#### [Stored data]
──────────

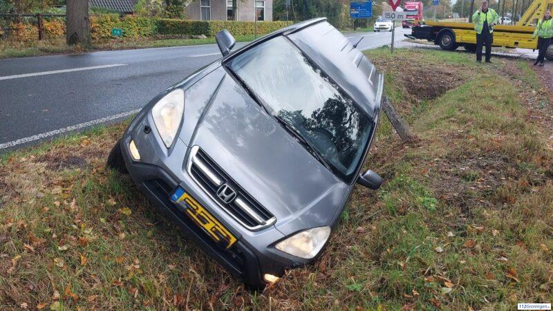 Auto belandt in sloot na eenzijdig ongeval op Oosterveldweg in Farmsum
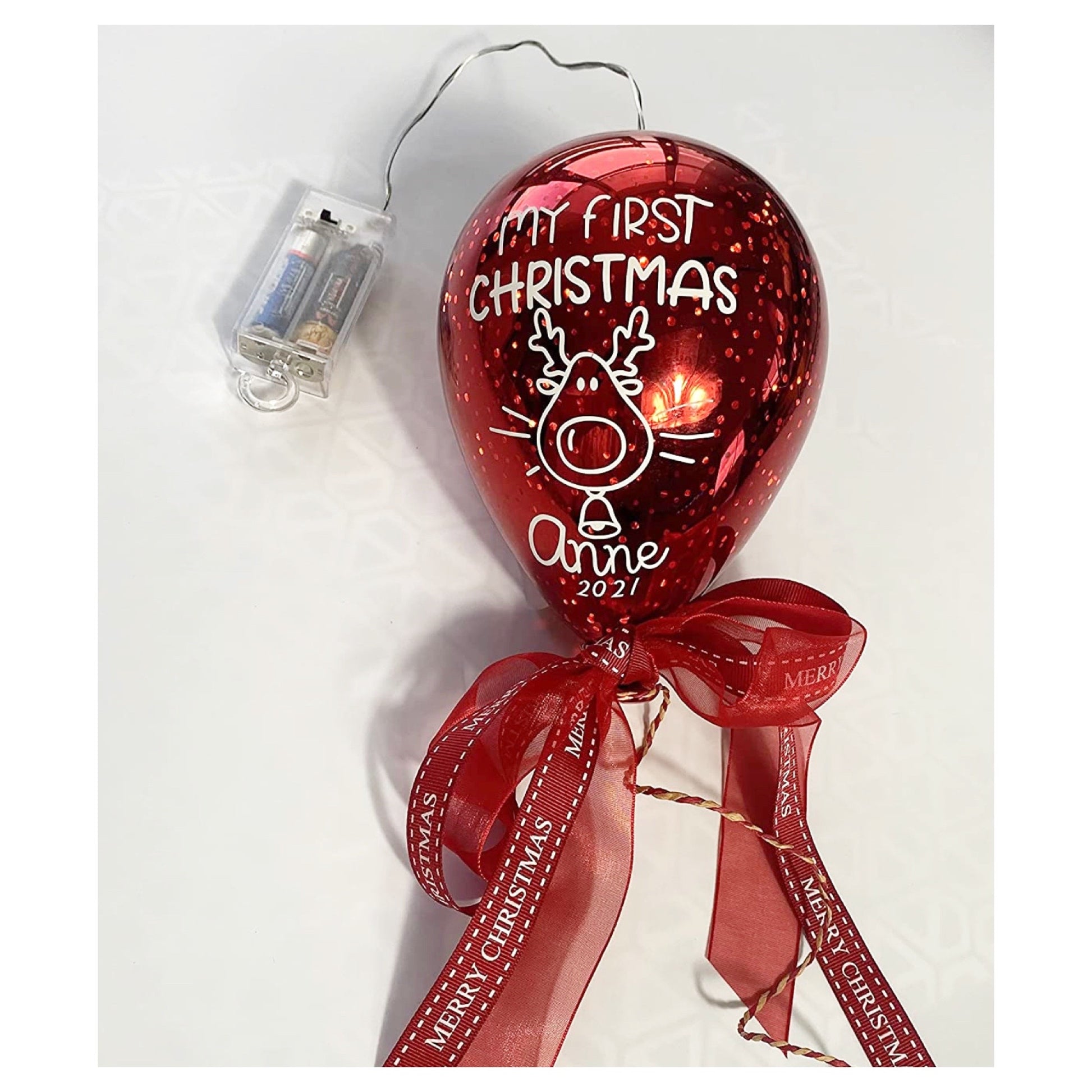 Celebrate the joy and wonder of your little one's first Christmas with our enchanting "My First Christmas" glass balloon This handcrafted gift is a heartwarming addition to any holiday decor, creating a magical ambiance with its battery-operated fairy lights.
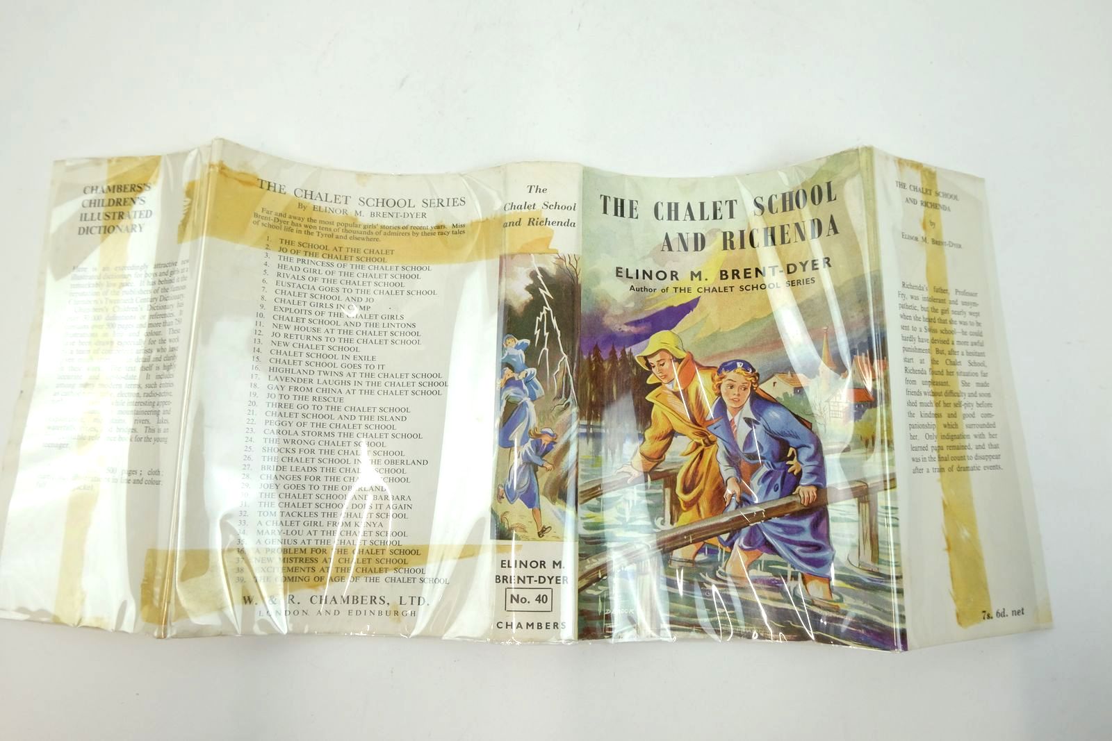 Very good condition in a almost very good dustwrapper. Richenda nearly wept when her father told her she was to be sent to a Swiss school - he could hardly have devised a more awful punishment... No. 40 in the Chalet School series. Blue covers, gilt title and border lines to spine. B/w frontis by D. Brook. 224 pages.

──────────

#### [Problem requirements]
Make a word-for-word repeat of the material, skipping all pictures.

#### [Exercise result]
 Auto belandt in sloot na eenzijdig ongeval op Oosterveldweg in Farmsum
 Celebrate the joy and wonder of your little one's first Christmas with our enchanting "My First Christmas" glass balloon This handcrafted gift is a heartwarming addition to any holiday decor, creating a magical ambiance with its battery-operated fairy lights.
 Very good condition in a almost very good dustwrapper. Richenda nearly wept when her father told her she was to be sent to a Swiss school - he could hardly have devised a more awful punishment... No. 40 in the Chalet School series. Blue covers, gilt title and border lines to spine. B/w frontis by D. Brook. 224 pages.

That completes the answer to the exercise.